Stored items from a collection
=-=-=

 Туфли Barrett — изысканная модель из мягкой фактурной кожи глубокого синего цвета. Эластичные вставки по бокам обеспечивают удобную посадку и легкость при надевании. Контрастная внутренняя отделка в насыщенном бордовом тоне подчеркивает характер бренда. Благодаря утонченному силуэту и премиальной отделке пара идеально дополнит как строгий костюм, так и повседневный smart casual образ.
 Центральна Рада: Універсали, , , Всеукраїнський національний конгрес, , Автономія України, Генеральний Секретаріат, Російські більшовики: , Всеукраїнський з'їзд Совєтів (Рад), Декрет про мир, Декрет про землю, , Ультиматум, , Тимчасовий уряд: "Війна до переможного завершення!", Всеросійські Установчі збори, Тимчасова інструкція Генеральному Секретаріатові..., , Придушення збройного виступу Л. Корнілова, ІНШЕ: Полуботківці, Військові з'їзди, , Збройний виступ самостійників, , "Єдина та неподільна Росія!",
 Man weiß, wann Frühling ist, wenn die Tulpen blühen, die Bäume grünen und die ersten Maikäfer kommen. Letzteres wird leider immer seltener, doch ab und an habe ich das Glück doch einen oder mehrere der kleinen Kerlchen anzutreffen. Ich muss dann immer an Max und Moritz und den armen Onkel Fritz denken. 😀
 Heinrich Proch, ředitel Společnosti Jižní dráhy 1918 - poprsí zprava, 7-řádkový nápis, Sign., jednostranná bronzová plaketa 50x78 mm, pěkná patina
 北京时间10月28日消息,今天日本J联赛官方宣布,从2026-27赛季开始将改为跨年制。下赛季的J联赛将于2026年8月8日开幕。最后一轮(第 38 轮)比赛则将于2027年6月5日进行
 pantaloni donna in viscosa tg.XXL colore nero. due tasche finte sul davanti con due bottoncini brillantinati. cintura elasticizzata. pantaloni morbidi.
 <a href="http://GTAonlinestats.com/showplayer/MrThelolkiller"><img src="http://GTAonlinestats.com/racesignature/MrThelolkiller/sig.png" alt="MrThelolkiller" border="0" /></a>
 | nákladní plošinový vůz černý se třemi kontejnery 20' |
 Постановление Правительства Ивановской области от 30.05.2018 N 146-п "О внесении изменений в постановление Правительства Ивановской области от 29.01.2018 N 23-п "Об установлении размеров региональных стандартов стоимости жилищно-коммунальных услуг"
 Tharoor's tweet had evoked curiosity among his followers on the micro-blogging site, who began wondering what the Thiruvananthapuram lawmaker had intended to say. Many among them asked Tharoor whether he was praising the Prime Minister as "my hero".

=-=-=

_Exercise directions_
Give the entries once more, exactly as they appear.

_Written reply_
 Туфли Barrett — изысканная модель из мягкой фактурной кожи глубокого синего цвета. Эластичные вставки по бокам обеспечивают удобную посадку и легкость при надевании. Контрастная внутренняя отделка в насыщенном бордовом тоне подчеркивает характер бренда. Благодаря утонченному силуэту и премиальной отделке пара идеально дополнит как строгий костюм, так и повседневный smart casual образ.
 Центральна Рада: Універсали, , , Всеукраїнський національний конгрес, , Автономія України, Генеральний Секретаріат, Російські більшовики: , Всеукраїнський з'їзд Совєтів (Рад), Декрет про мир, Декрет про землю, , Ультиматум, , Тимчасовий уряд: "Війна до переможного завершення!", Всеросійські Установчі збори, Тимчасова інструкція Генеральному Секретаріатові..., , Придушення збройного виступу Л. Корнілова, ІНШЕ: Полуботківці, Військові з'їзди, , Збройний виступ самостійників, , "Єдина та неподільна Росія!",
 Man weiß, wann Frühling ist, wenn die Tulpen blühen, die Bäume grünen und die ersten Maikäfer kommen. Letzteres wird leider immer seltener, doch ab und an habe ich das Glück doch einen oder mehrere der kleinen Kerlchen anzutreffen. Ich muss dann immer an Max und Moritz und den armen Onkel Fritz denken. 😀
 Heinrich Proch, ředitel Společnosti Jižní dráhy 1918 - poprsí zprava, 7-řádkový nápis, Sign., jednostranná bronzová plaketa 50x78 mm, pěkná patina
 北京时间10月28日消息,今天日本J联赛官方宣布,从2026-27赛季开始将改为跨年制。下赛季的J联赛将于2026年8月8日开幕。最后一轮(第 38 轮)比赛则将于2027年6月5日进行
 pantaloni donna in viscosa tg.XXL colore nero. due tasche finte sul davanti con due bottoncini brillantinati. cintura elasticizzata. pantaloni morbidi.
 <a href="http://GTAonlinestats.com/showplayer/MrThelolkiller"><img src="http://GTAonlinestats.com/racesignature/MrThelolkiller/sig.png" alt="MrThelolkiller" border="0" /></a>
 | nákladní plošinový vůz černý se třemi kontejnery 20' |
 Постановление Правительства Ивановской области от 30.05.2018 N 146-п "О внесении изменений в постановление Правительства Ивановской области от 29.01.2018 N 23-п "Об установлении размеров региональных стандартов стоимости жилищно-коммунальных услуг"
 Tharoor's tweet had evoked curiosity among his followers on the micro-blogging site, who began wondering what the Thiruvananthapuram lawmaker had intended to say. Many among them asked Tharoor whether he was praising the Prime Minister as "my hero".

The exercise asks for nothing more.